Data supplied Block Start
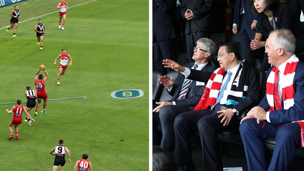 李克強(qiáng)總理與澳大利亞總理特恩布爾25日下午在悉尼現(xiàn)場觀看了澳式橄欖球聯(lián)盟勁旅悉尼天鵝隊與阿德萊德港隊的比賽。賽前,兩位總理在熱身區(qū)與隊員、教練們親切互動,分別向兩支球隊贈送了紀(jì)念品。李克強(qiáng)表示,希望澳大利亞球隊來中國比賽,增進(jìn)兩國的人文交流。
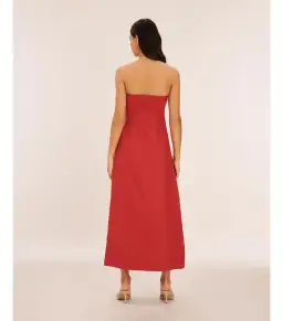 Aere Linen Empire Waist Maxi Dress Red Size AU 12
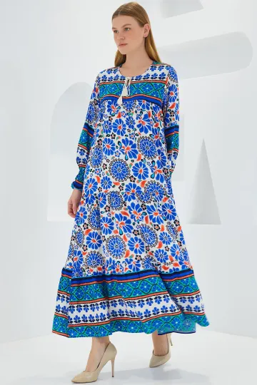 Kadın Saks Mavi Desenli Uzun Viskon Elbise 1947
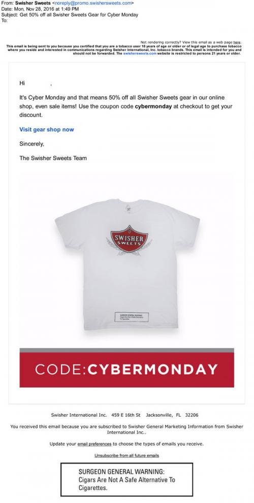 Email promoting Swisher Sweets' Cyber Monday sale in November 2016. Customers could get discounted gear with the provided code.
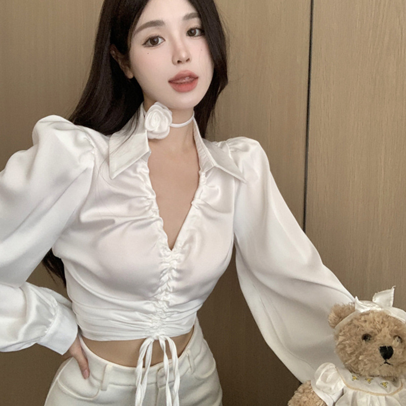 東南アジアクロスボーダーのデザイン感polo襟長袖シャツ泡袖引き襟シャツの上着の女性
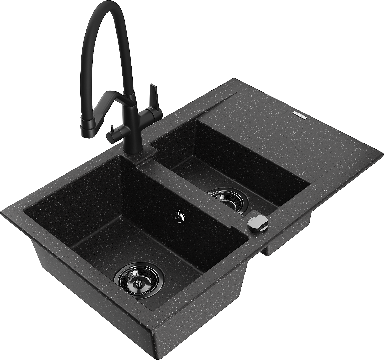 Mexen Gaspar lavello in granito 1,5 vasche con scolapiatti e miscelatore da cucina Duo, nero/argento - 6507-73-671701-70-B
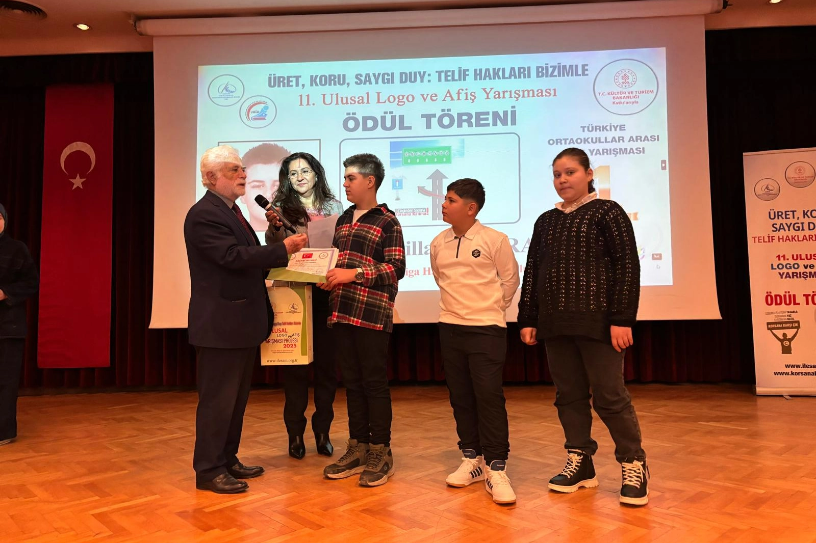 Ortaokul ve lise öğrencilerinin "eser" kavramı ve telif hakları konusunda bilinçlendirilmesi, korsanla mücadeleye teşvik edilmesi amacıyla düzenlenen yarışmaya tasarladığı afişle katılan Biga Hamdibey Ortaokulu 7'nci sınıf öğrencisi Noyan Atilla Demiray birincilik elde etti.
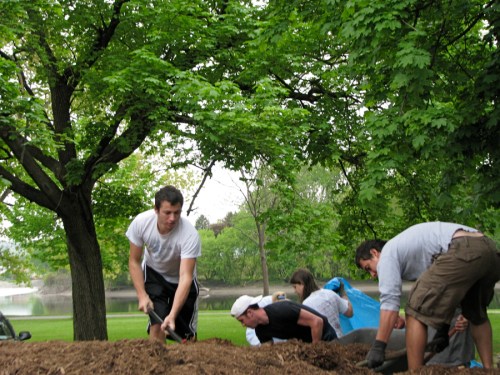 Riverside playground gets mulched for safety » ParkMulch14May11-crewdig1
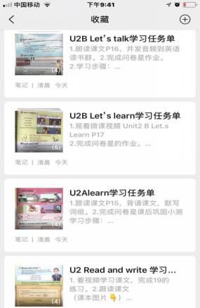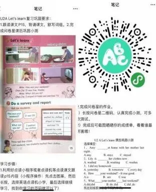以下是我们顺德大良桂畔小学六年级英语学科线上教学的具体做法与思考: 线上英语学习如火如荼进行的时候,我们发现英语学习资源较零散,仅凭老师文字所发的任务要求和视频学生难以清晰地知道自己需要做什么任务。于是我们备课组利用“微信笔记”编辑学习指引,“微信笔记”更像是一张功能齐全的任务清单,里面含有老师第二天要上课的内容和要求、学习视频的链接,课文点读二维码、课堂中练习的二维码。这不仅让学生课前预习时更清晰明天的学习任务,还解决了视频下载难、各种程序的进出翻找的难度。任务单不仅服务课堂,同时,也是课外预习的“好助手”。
Data supplied Block End
### Required action
Give back each entry exactly as it appears. Leave pictures out.

### Solution below
 李克強(qiáng)總理與澳大利亞總理特恩布爾25日下午在悉尼現(xiàn)場觀看了澳式橄欖球聯(lián)盟勁旅悉尼天鵝隊與阿德萊德港隊的比賽。賽前,兩位總理在熱身區(qū)與隊員、教練們親切互動,分別向兩支球隊贈送了紀(jì)念品。李克強(qiáng)表示,希望澳大利亞球隊來中國比賽,增進(jìn)兩國的人文交流。
 Aere Linen Empire Waist Maxi Dress Red Size AU 12
 Kadın Saks Mavi Desenli Uzun Viskon Elbise 1947
 Email promoting Swisher Sweets' Cyber Monday sale in November 2016. Customers could get discounted gear with the provided code.
 東南アジアクロスボーダーのデザイン感polo襟長袖シャツ泡袖引き襟シャツの上着の女性
 Mexen Gaspar lavello in granito 1,5 vasche con scolapiatti e miscelatore da cucina Duo, nero/argento - 6507-73-671701-70-B
 Ortaokul ve lise öğrencilerinin "eser" kavramı ve telif hakları konusunda bilinçlendirilmesi, korsanla mücadeleye teşvik edilmesi amacıyla düzenlenen yarışmaya tasarladığı afişle katılan Biga Hamdibey Ortaokulu 7'nci sınıf öğrencisi Noyan Atilla Demiray birincilik elde etti.
 Riverside playground gets mulched for safety » ParkMulch14May11-crewdig1
以下是我们顺德大良桂畔小学六年级英语学科线上教学的具体做法与思考: 线上英语学习如火如荼进行的时候,我们发现英语学习资源较零散,仅凭老师文字所发的任务要求和视频学生难以清晰地知道自己需要做什么任务。于是我们备课组利用“微信笔记”编辑学习指引,“微信笔记”更像是一张功能齐全的任务清单,里面含有老师第二天要上课的内容和要求、学习视频的链接,课文点读二维码、课堂中练习的二维码。这不仅让学生课前预习时更清晰明天的学习任务,还解决了视频下载难、各种程序的进出翻找的难度。任务单不仅服务课堂,同时,也是课外预习的“好助手”。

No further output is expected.